PROBLEM STATEMENT: Everything from the line with "Rumlastigkeit nicht vollständig" down to the line with "Figure 1 : Visuels" below must be printed exactly, those two lines included. Exclude pictures.

DATA RECORDS:
*** Begin section ***

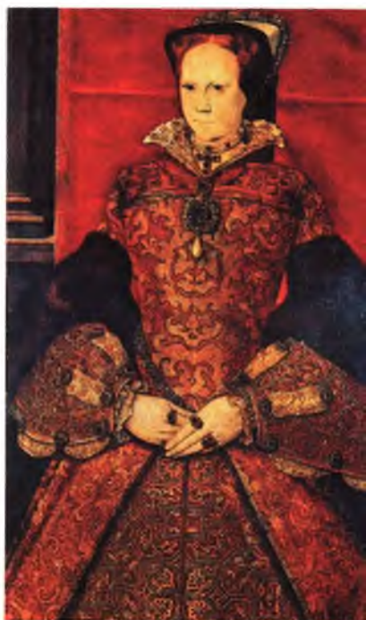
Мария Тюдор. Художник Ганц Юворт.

*** End section ***
*** Begin section ***

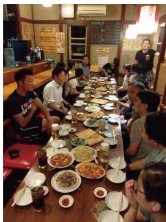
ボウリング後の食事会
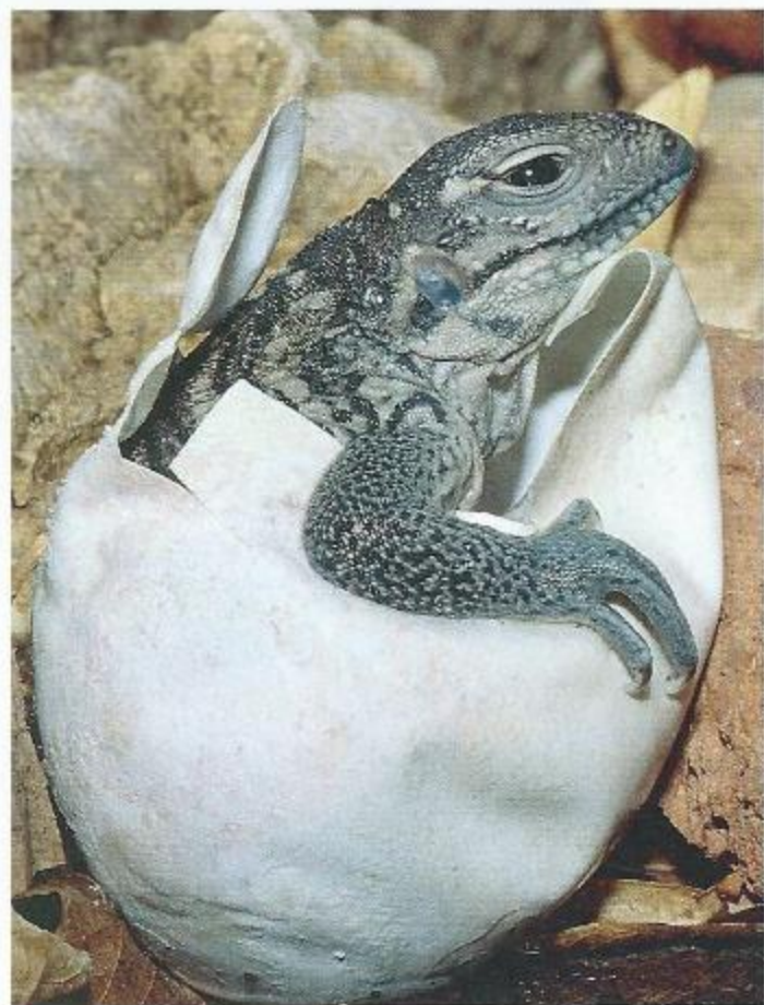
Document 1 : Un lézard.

*** End section ***
*** Begin section ***

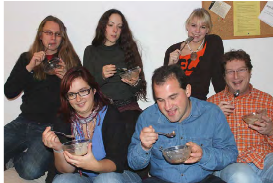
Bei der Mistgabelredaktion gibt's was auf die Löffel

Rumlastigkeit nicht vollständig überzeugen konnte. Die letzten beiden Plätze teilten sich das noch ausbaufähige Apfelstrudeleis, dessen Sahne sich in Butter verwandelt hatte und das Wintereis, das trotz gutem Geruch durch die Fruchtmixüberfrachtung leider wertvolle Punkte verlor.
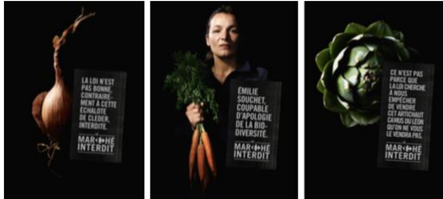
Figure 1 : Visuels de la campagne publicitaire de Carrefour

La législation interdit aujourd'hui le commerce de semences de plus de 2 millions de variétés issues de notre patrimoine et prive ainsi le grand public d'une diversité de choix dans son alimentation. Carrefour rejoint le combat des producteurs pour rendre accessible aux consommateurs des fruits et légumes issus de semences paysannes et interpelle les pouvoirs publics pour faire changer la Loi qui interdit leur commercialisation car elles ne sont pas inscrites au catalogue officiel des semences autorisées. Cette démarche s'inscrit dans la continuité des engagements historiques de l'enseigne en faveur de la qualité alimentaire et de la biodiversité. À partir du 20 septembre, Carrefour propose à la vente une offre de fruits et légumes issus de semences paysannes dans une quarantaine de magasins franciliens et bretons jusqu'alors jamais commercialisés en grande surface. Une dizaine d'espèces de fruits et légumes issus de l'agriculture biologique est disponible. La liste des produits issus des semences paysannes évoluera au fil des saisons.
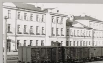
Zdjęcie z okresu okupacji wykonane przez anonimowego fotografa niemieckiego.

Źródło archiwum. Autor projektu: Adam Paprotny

*** End section ***

ANSWER SPACE:
Rumlastigkeit nicht vollständig überzeugen konnte. Die letzten beiden Plätze teilten sich das noch ausbaufähige Apfelstrudeleis, dessen Sahne sich in Butter verwandelt hatte und das Wintereis, das trotz gutem Geruch durch die Fruchtmixüberfrachtung leider wertvolle Punkte verlor.
Figure 1 : Visuels de la campagne publicitaire de Carrefour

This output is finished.